Станислав Куняев - Мои печальные победы
Вот так попрощался Смеляков со Сталиным.
К российской героической трагедии XX века он, как никто другой, прикасался бережно и целомудренно. Вот почему он останется в нашей памяти единственным и потому изумительным поэтом, подлинным русским Дон-Кихотом народного социализма, впрочем, хорошо знавшим цену, которую время потребовало от людей за осуществление их идеалов. Поэтом «не от мира сего» Смелякова не назовешь.

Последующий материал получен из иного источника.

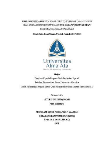 ISTIQOMAH, SITI LU’LU’ (2025) ANALISIS PENGARUH BOARD OF DIRECT, BOARD OF COMMISIONER DAN SHARIA SUPERVISORY BOARD TERHADAP PENGUNGKAPAN ECONOMICS DISCLOSURE INDEX (Studi Pada Bank Umum Syariah Periode 2019 2023). Skripsi thesis, UNIVERSITAS ALMA ATA.

Строительство новой жизни по напряжению, по вовлечению в него десятков миллионов людей, по степени риска, по цене исторических ставок было деянием, которое сродни разве что великой войне. А кто, какой историк скажет о войне масштаба 1812 или 1941 года: подневольно ли в такого рода событиях приносятся в жертву миллионы людских судеб или они живут стихией добровольного самоограничения и самопожертвования? Естественно, что в такие времена над людским выбором властвует и та и другая сила, и принудительная мощь государства, и то, что называется альтруизмом, героизмом, аскетизмом.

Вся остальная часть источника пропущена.